▶ [Task item]:
Each record that comes next should be output exactly; pictures do not belong in the copy.

(Stored items)
• • • • •

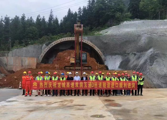 5月20日上午,龙城高速双洞互通D匝道隧道进口掌声雷动,鞭炮声与机械轰鸣声响彻云霄,双洞互通D匝道隧道进口顺利进洞,标志着龙城高速5座隧道全部实现进洞施工。
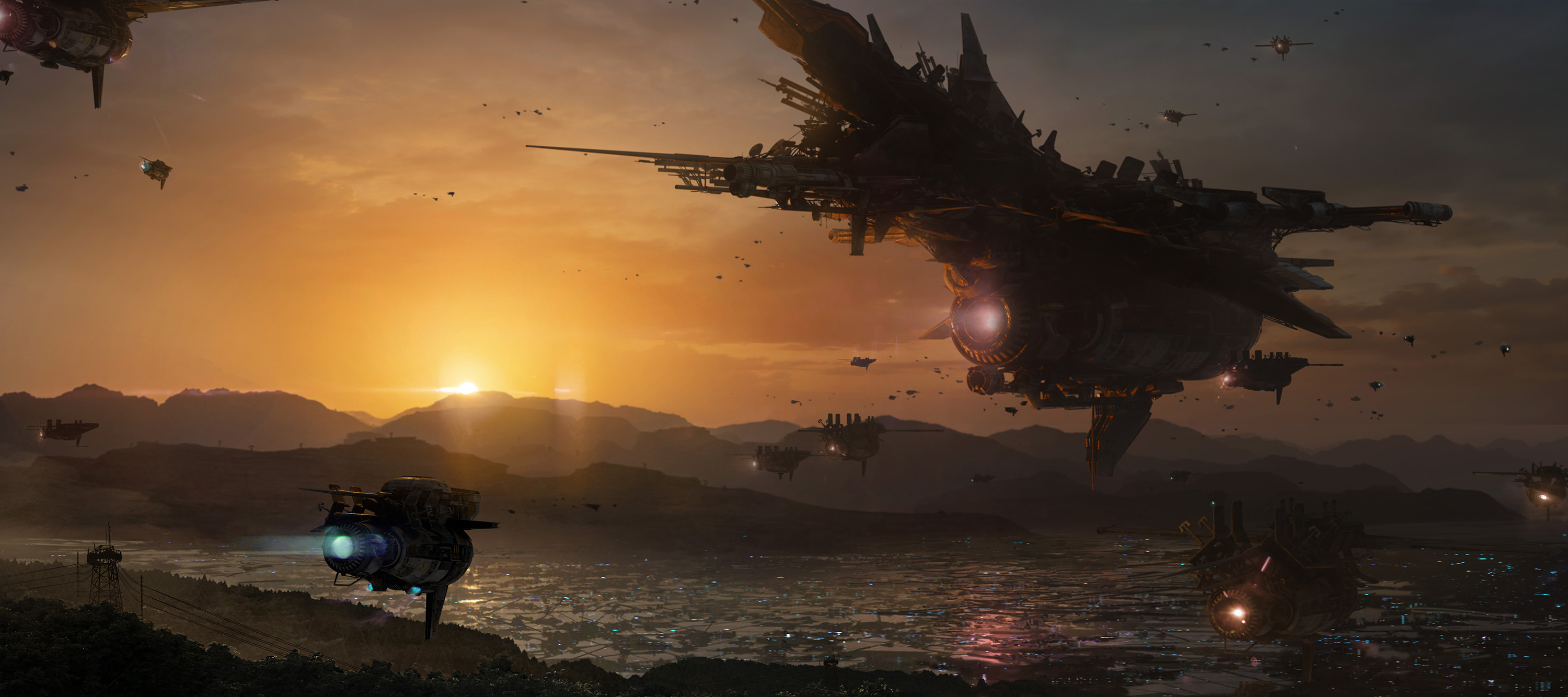 日本の田舎街の上空を占拠する巨大艦隊。
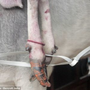 Una vaca de cinco patas paseando por la India con un apéndice pegado al cuello (Vídeo)
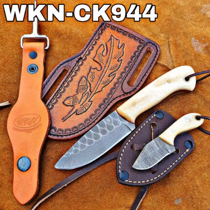 Original price was: $150.00.$84.99Current price is: $84.99.Custom Made 1095 High Carbon Steel Fixed Blades Cowboy and Skinner knives set… With Handmade Leather Sheaths…
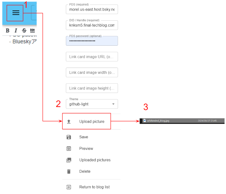 In the blog editing screen, there are text boxes labeled "DID / Handle" and "PDS password" within the hamburger menu (three horizontal lines icon). If you have not logged in, enter the following information in these text boxes:
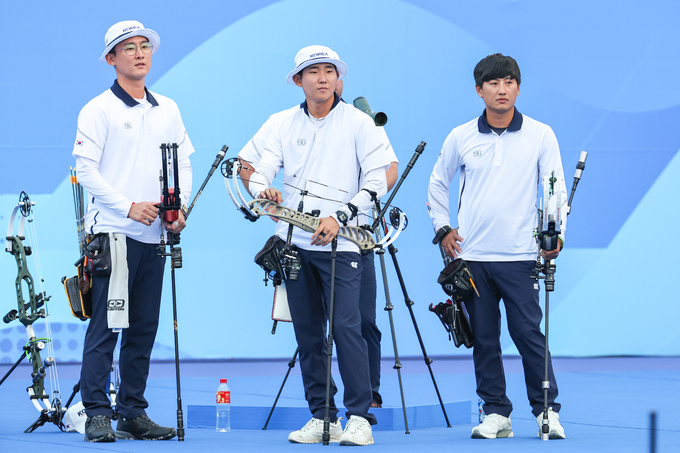 주재훈(한국수력원자력)과 양재원(상무), 김종호(현대제철)로 구성된 한국 대표팀이 5일 중국 항저우의 푸양 인후 스포츠센터에서 열린 아시안게임 양궁 컴파운드 남자 단체전 결승전을 맞아 인도에 235-230으로 무릎을 꿇었다.
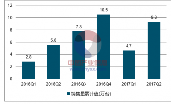 2017年1-6月中國(guó)挖掘機(jī)銷售量累計(jì)為9.3萬(wàn)臺(tái),同比增長(zhǎng)66.07%。2016年中國(guó)挖掘機(jī)銷售量累計(jì)為10.5萬(wàn)臺(tái)。
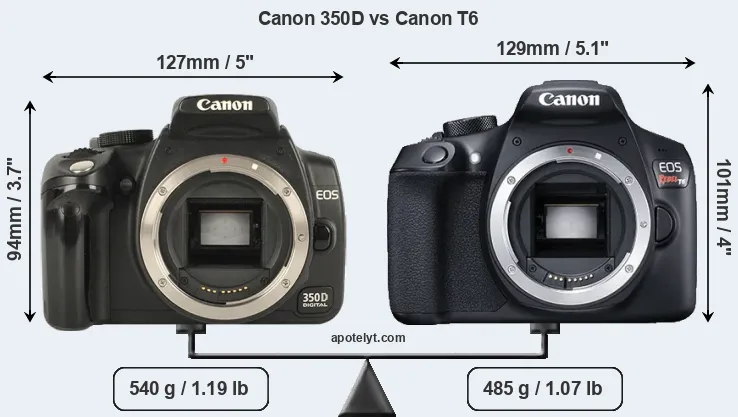 If the front view area (width x height) of the cameras is taken as an aggregate measure of their size, the Canon T6 is notably larger (9 percent) than the Canon 350D. However, the T6 is markedly lighter (10 percent) than the 350D. In this context, it is worth noting that neither the 350D nor the T6 are weather-sealed.
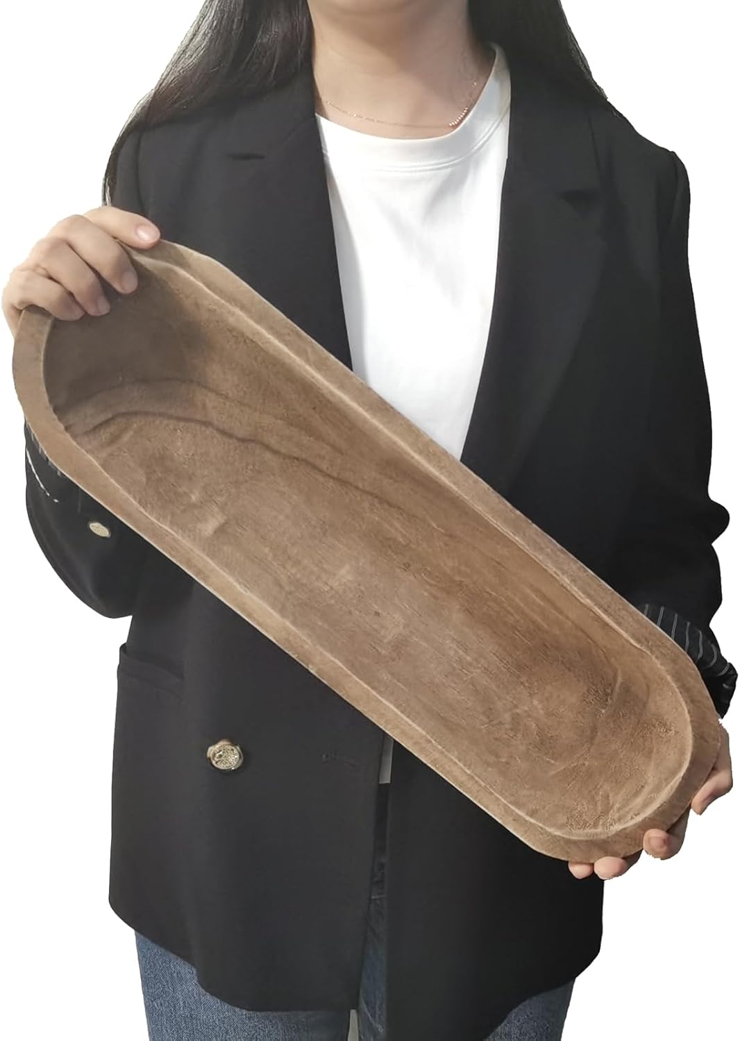Wooden Dough Bowl Decor, Vintage Wooden Bowl Hand Carved Home Decor for Dining Table Center, Living Room, Kitchen Decor. (20inch brown)

• • • • •

▶ [Exercise response]:
 5月20日上午,龙城高速双洞互通D匝道隧道进口掌声雷动,鞭炮声与机械轰鸣声响彻云霄,双洞互通D匝道隧道进口顺利进洞,标志着龙城高速5座隧道全部实现进洞施工。
 日本の田舎街の上空を占拠する巨大艦隊。
 Una vaca de cinco patas paseando por la India con un apéndice pegado al cuello (Vídeo)
 Original price was: $150.00.$84.99Current price is: $84.99.Custom Made 1095 High Carbon Steel Fixed Blades Cowboy and Skinner knives set… With Handmade Leather Sheaths…
 In the blog editing screen, there are text boxes labeled "DID / Handle" and "PDS password" within the hamburger menu (three horizontal lines icon). If you have not logged in, enter the following information in these text boxes:
 주재훈(한국수력원자력)과 양재원(상무), 김종호(현대제철)로 구성된 한국 대표팀이 5일 중국 항저우의 푸양 인후 스포츠센터에서 열린 아시안게임 양궁 컴파운드 남자 단체전 결승전을 맞아 인도에 235-230으로 무릎을 꿇었다.
 2017年1-6月中國(guó)挖掘機(jī)銷售量累計(jì)為9.3萬(wàn)臺(tái),同比增長(zhǎng)66.07%。2016年中國(guó)挖掘機(jī)銷售量累計(jì)為10.5萬(wàn)臺(tái)。
 If the front view area (width x height) of the cameras is taken as an aggregate measure of their size, the Canon T6 is notably larger (9 percent) than the Canon 350D. However, the T6 is markedly lighter (10 percent) than the 350D. In this context, it is worth noting that neither the 350D nor the T6 are weather-sealed.
Wooden Dough Bowl Decor, Vintage Wooden Bowl Hand Carved Home Decor for Dining Table Center, Living Room, Kitchen Decor. (20inch brown)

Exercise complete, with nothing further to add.